L’homme recherche le bonheur et on lui a fait croire qu’il le trouverait dans une société basée sur la consommation, en consommant toujours plus de biens matériels, ce qui est sans fin car pour que nos sociétés perdurent il faut toujours consommer plus. Nous en voyons aujourd’hui les limites car si la consommation s’arrête nos sociétés se délitent, elles n’ont plus de carburant et le chaos s’installe.
Dans certains cas nous avons en outre des problèmes de restrictions des libertés individuelles, d’injustices sociales où les plus riches sont favorisés par rapport aux plus pauvres, où les services publics disparaissent, où la considération, le respect est directement proportionnel à la richesse.
Tout cela conduit à un chaos général qui se déclenche inéluctablement un jour ou l’autre pour aboutir à un autre ordre social, conformément au modèle de la nature.
IV – Ordre – Chaos et Franc-maconnerie
La G L D F est un ordre initiatique et nous voyons immédiatement ce que cela implique : l’ordre règne chez nous.
Essayons de voir si cet ordre est inspiré de la nature et si comme elle, l’ordre jailli du chaos.
Nous sommes tous des initiés et ce sera notre point de départ. Mais comment analyser cette initiation ?
C’est en fait une déconstruction, une déstructuration de notre Etre par des symboles, par une plongée dans un cabinet de réflexion, par une cérémonie effectuée les yeux bandés avec des bruits inquiétants, des paroles prononcées de manière solennelle par quelqu’un d’invisible.

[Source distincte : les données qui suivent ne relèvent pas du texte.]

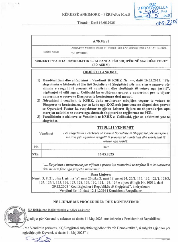 Partia Demokratike ka dërguar në Komisionin e Ankesave dhe Sanksioneve vendimin e keut të KQZ-së Ilirjan Celibashi, i cili urdhëroi vazhdimin dhe përfundimin e numërimit të çdo dokumentacioni zgjedhor të mbërritur nga jashtë vendit. Aty përfshihen edhe zarfet e mbërritura nga Greqia.
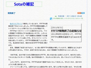 FTPクライアントソフト「FFFTP」の作者で知られるSotaさんは8月31日(水)、同ソフトの開発を終了したと公式サイトで発表しました。開発終了の理由について、Sotaさんは「FFFTPの開発を継続していくモチベーションが保てなくなった」とコメントしています。
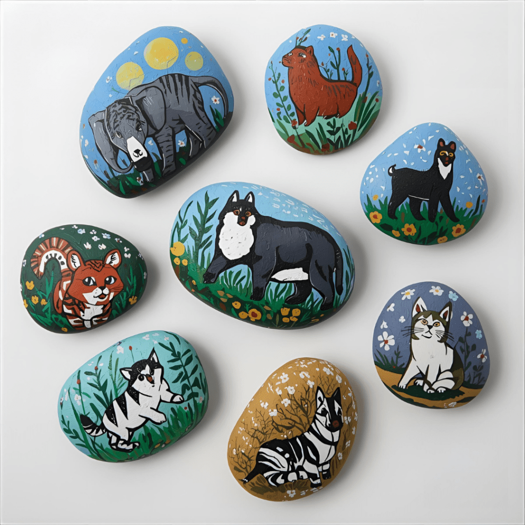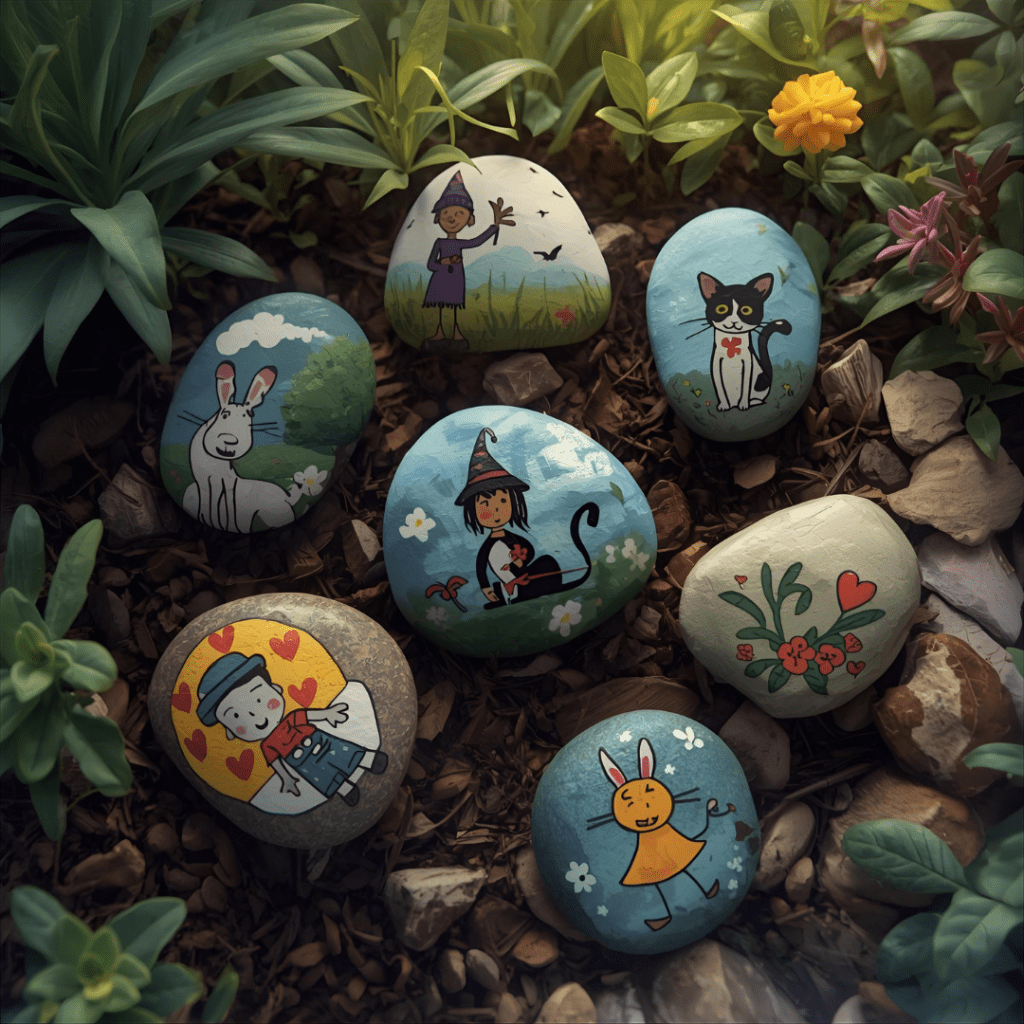Collect smooth pebbles and paint simple pictures on them – like suns, trees, or animals. Once dry, children can use them to tell stories, mixing and matching the stones to create endless adventures.
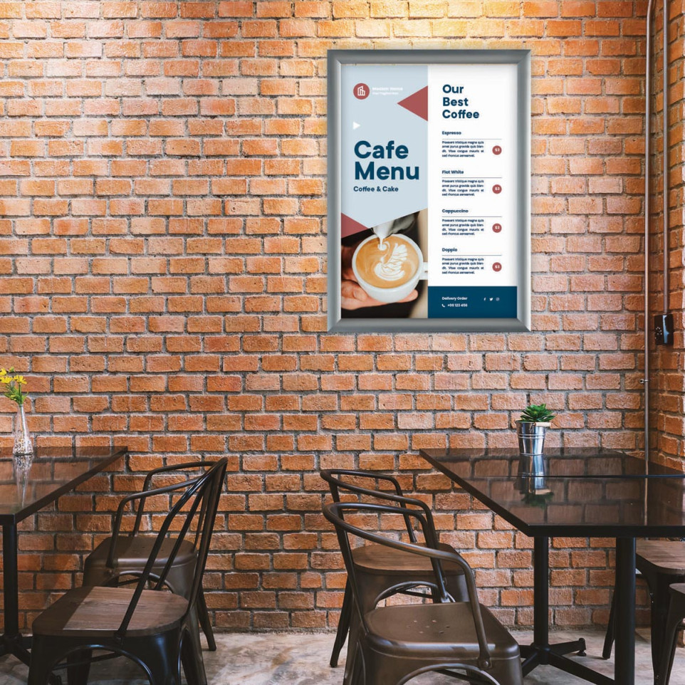 Ouvrez simplement les clapets latéraux, insérez votre affiche ou document A4 derrière le film protecteur, puis refermez les clapets pour fixer le contenu. L’installation murale se fait rapidement grâce au kit de fixation fourni, garantissant une exposition stable et sécurisée.
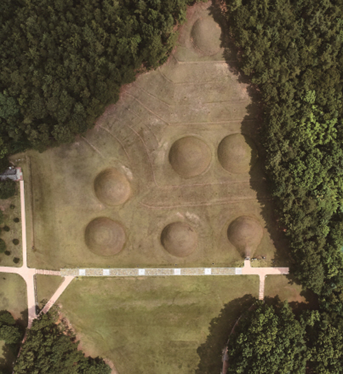 先に中長期学術調査の最初のステップとして、墓地中央部と南進入部対象に地下の物理探査を実施し、2基ずつ集まっている古墳の配置姿と封墳の規模が現在の復元整備された20m内外よりもはるかに大きく造成されたものと推定されている。
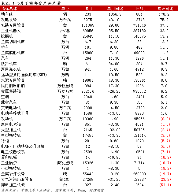分行业来看,制造业不同行业表现差异较大。符合政策导向的诸如动车组、发电设备、工业机器人等行业产量增速较高,饲料加工机械、大气污染防治设备、金属冶炼设备等产量同比下降幅度较大。
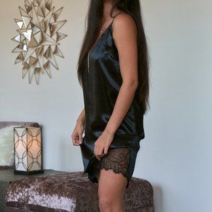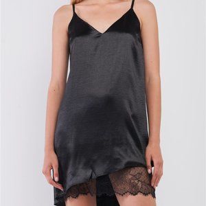 Black Satin Sleeveless Relaxed Fit V-Neck Asymmetrical Lace Hem Detail Slip Mini Dress
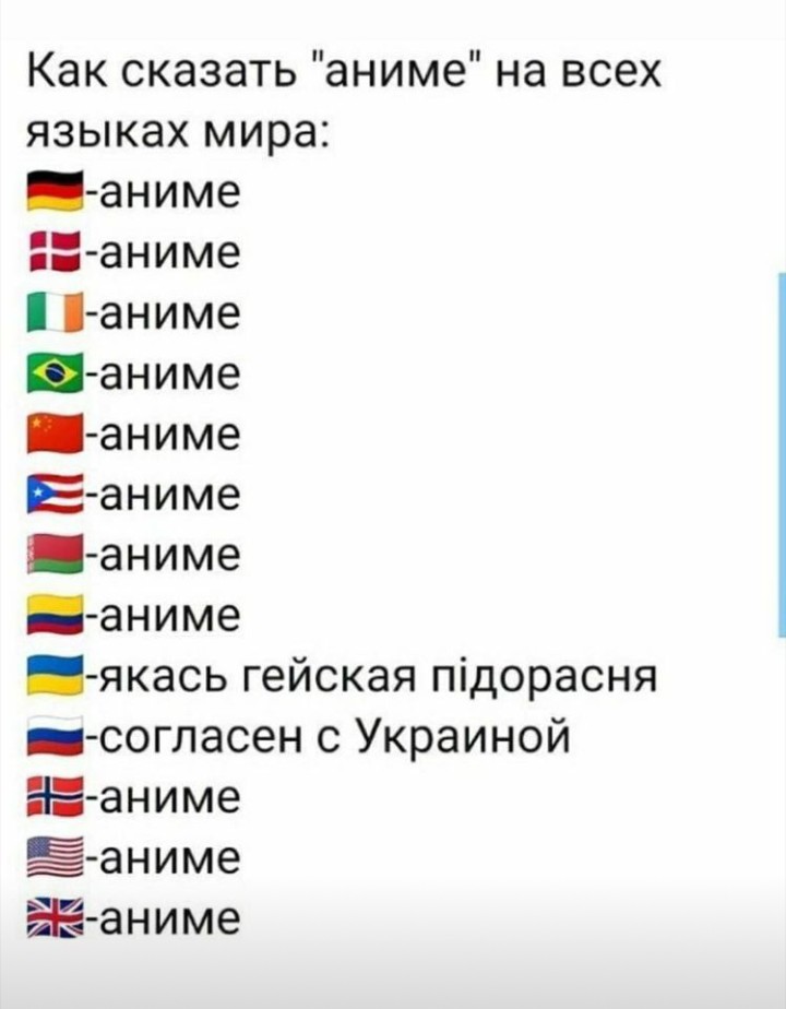 + 100500, кроме посленего ...и не из-за УкраИны..)) ...а из-за того, что сам видел японско-китайское "секси-аниме"... ...и смотреть его было интересно...-)) ...а "пидоров" - ненавижу!...-)))
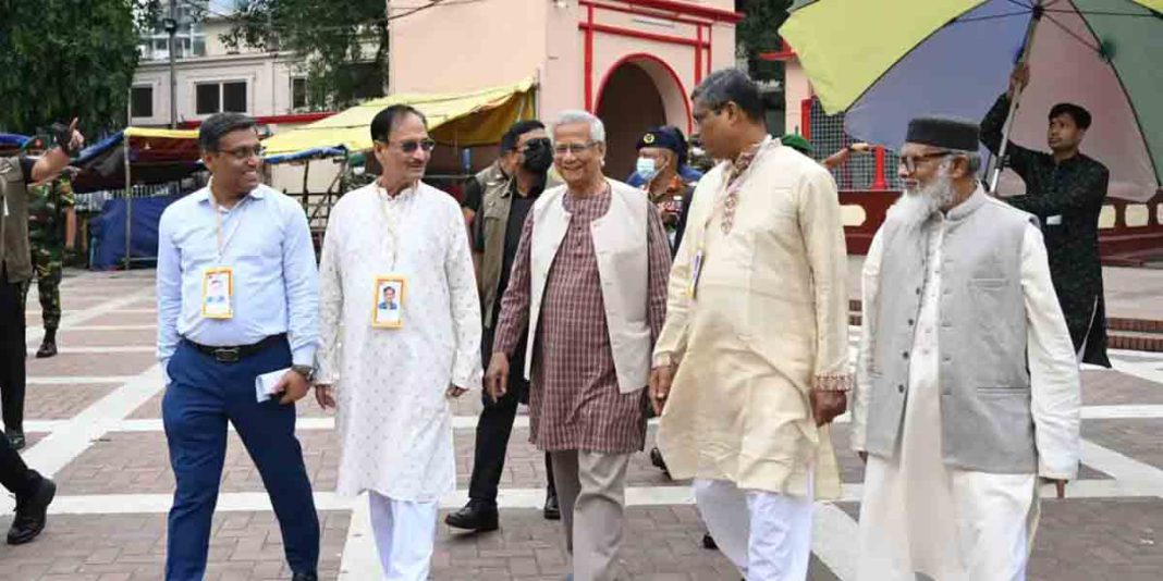 অনলাইন ডেস্ক : রাজধানীর ঢাকেশ্বরী মন্দির পরিদর্শনে গেছেন প্রধান উপদেষ্টা ড. মুহাম্মদ ইউনূস। মঙ্গলবার (১৬ সেপ্টেম্বর) বেলা ১১টার দিকে প্রধান উপদেষ্টা মন্দির পরিদর্শনে যান। এর আগে গতকাল সোমবার বিকেলে রাষ্ট্রীয় অতিথি ভবন যমুনায় প্রধান উপদেষ্টার সঙ্গে সাক্ষাৎ করেন বিভিন্ন পূজা উদযাপন পরিষদের নেতারা। এ সময় তারা প্রধান উপদেষ্টাকে পূজামণ্ডপ পরিদর্শনের আমন্ত্রণ জানান।এ সময় বৈঠকে প্রধান উপদেষ্টা বলেন, আপনাদের সঙ্গে সবসময় দেখা করার ইচ্ছা থাকলেও সুযোগ হয় না। পূজা উপলক্ষ্যে বছরে একবার সামনাসামনি দেখা হওয়ার, কথা বলার সুযোগ হয়। এ সময় দুর্গাপূজার প্রস্তুতি ও সার্বিক অবস্থা সম্পর্কে জানতে চান প্রধান উপদেষ্টা। তখন হিন্দু ধর্মীয় নেতারা জানান, এবার এক হাজারের বেশি পূজামণ্ডপ বেড়েছে।সারা দেশে পূজামণ্ডপ প্রস্তুতের কাজ পুরোদমে এগিয়ে চলছে।
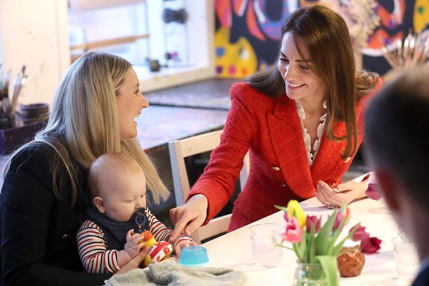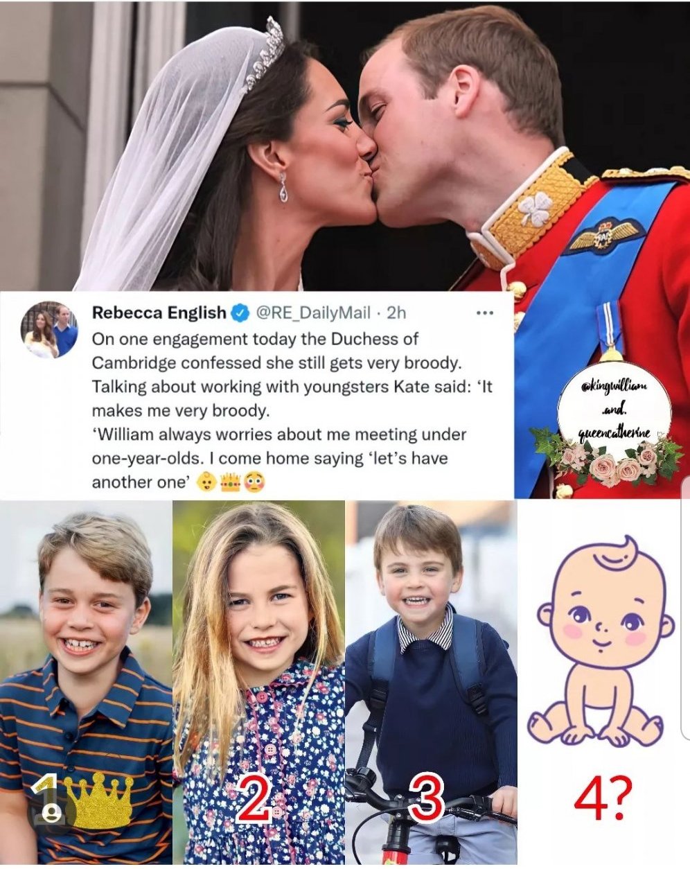 Това ме прави много замислена", призна Кейт по време на излизането. "Уилям винаги се тревожи, че ще се срещам под едногодишни деца. Прибирам се вкъщи и казвам: „Да си направим още едно бебе“. „Уилям се пошегува за перспективата Кейт да иска още едно бебе миналия месец по време на посещението на двойката в Ланкашър. Докато правеха снимки с някои семейства, двойката се срещна с Труди и Алистър Бари и дъщеря им Анастасия. Кейт държеше момиченцето, докато позираха за една снимка. снимка, която кара зрителите да гукат и кара принц Уилям да се пошегува: „Не давайте на жена ми повече идеи!“ Докато Кейт връщаше бебето на родителите си, Уилям се пошегува: „Не я вземай със себе си“.
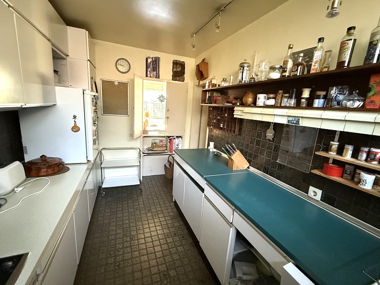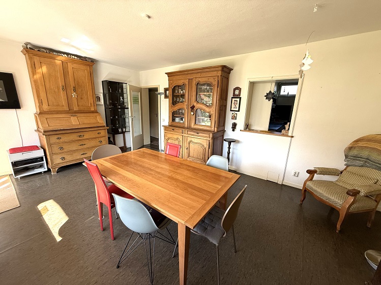 Aufgrund der Hanglage befindet sich der Wohn-/Esszimmer sowie die Küche im Gartengeschoss, mit direktem Zugang auf die Terrasse und in den Garten.
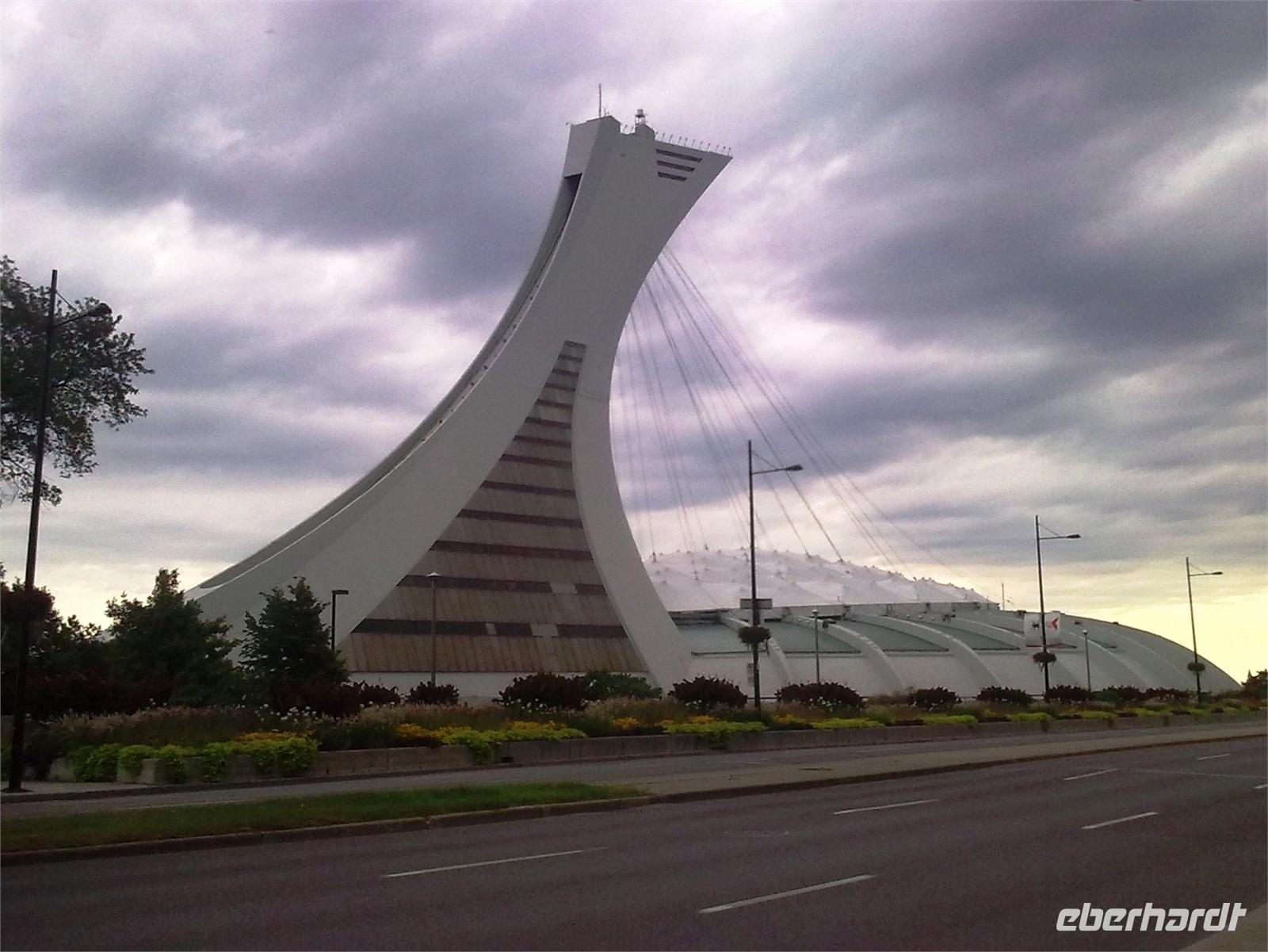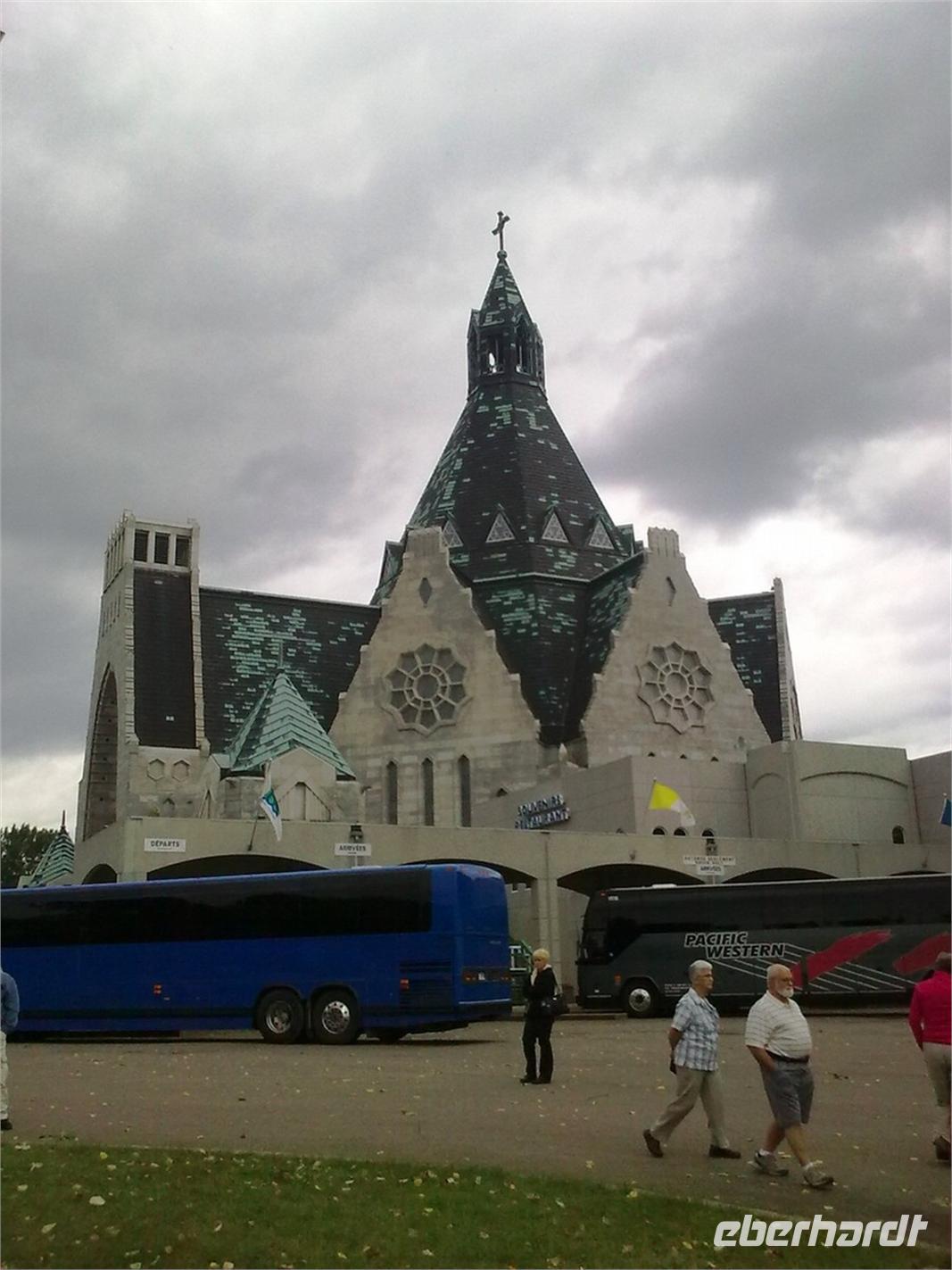 Unsere Stadtrundfahrt führt uns danach durch das Hafengebiet entlang des Sankt-Lorenz-Stroms. Als letztes nehmen wir uns das Zentrum mit der Börse und der Weltzentrale von ICAO vor. Hier verabschieden wir uns von Regina, die uns in ihrer freundlichen Art ihre Wahlheimat Montréal nähergebracht hat. Mit Ellen fahren wir im Anschluss noch raus zum Olympischen Park. Hier fanden 1976 die XXI. Olympischen Sommerspiele statt, insbesondere die Wettkämpfe der Leichtathletik und die Eröffnungs- und Schlussfeier. Mit einer Kapazität von 70.000 Zuschauerplätzen gleicht der Park in seiner Form einer riesigen Betonmuschel. Er wird zudem von einem 175 Meter hohen 45 Grad schiefen Turm überragt. Auf unserer langen Fahrt nach Québec machen wir unterwegs Halt in Cap-de-la-Madeleine und besuchen die Sanctuaire Notre Dame du Cap. Zu der 1964 erbauten, achteckigen Basilika strömen alljährlich tausende frommer Pilger. Besonders markant ist ihr 80 Meter hoher Turm. Nicht nur diese schöne Kirche wird uns noch lange in Erinnerung bleiben, sondern vor allem der Aufzug einer Frauengruppe aus New York, die vor dem Gebäude eine Art Erntedankfest feiern.

Cérémonie essayant d’installer en nous le chaos, la confusion, afin et nous le comprendrons plus tard de nous amener à une réflexion sur ce que nous sommes et ce que nous voulons être.
On veut changer notre être profond, « notre nature ontologique » selon Guenon, mais ce n’est pas un changement vers le bas, non nous devons progresser vers la connaissance plutôt que le savoir.
Après ce chaos nous poursuivons notre chemin dans l’ordre, la sérénité, la réflexion, d’abord en silence jusqu’au grade de compagnon, puis en participant aux débats de la loge jusqu’au grade de maître ou nous allons à nouveau franchir un niveau.
L’exaltation à la maîtrise sera alors pour nous un nouveau chaos nous entrainant vers une recherche, une réflexion plus riche, plus approfondie sur la spiritualité.
Nous avons donc eu le chaos de l’initiation puis une phase que je qualifierai en reprenant le terme appliqué aux phénomènes naturels, de « transition de phase »avant d’arriver à un nouveau chaos que sera le psychodrame du mythe de la mort d’Hiram.
Cette exaltation à la maîtrise représente une cassure, un changement d’état. C’est un véritable chaos que nous subissons : Hiram assassiné par trois mauvais compagnons. Le mot de maître est perdu. Mais l’espoir, l’ordre, va réapparaître car Hiram va renaître dans le compagnon qui sera relevé par les cinq points de la maîtrise et qui passera de l’horizontale du plan terrestre à la verticale du ciel, symbolisant l’élévation de ses aspirations.
A travers ce mythe nous avons une illustration du cycle mort-renaissance comme ce qui a lieu dans l’univers.
Nous passons du chaos à l’ordre comme l’étoile qui va exploser donnant naissance à d’autres vies.
La maîtrise n’est pas une fin mais un commencement. Durant notre vie de maître nous allons approfondir le cercle et découvrir ses secrets, nous allons rechercher patiemment, ressentir, réfléchir, nous interroger, écouter, jusqu’à ce qu’une nouvelle étape se présente nous permettant à nouveau de passer à un autre niveau car la construction du Temple n’est pas achevée.
Le mythe d’Hiram nous montre l’éternel recommencement de la vie, que la mort du maître est immédiatement suivie par la venue d’un nouveau maître qui va poursuivre l’oeuvre commencée.
En cela c’est une formidable leçon d’humilité.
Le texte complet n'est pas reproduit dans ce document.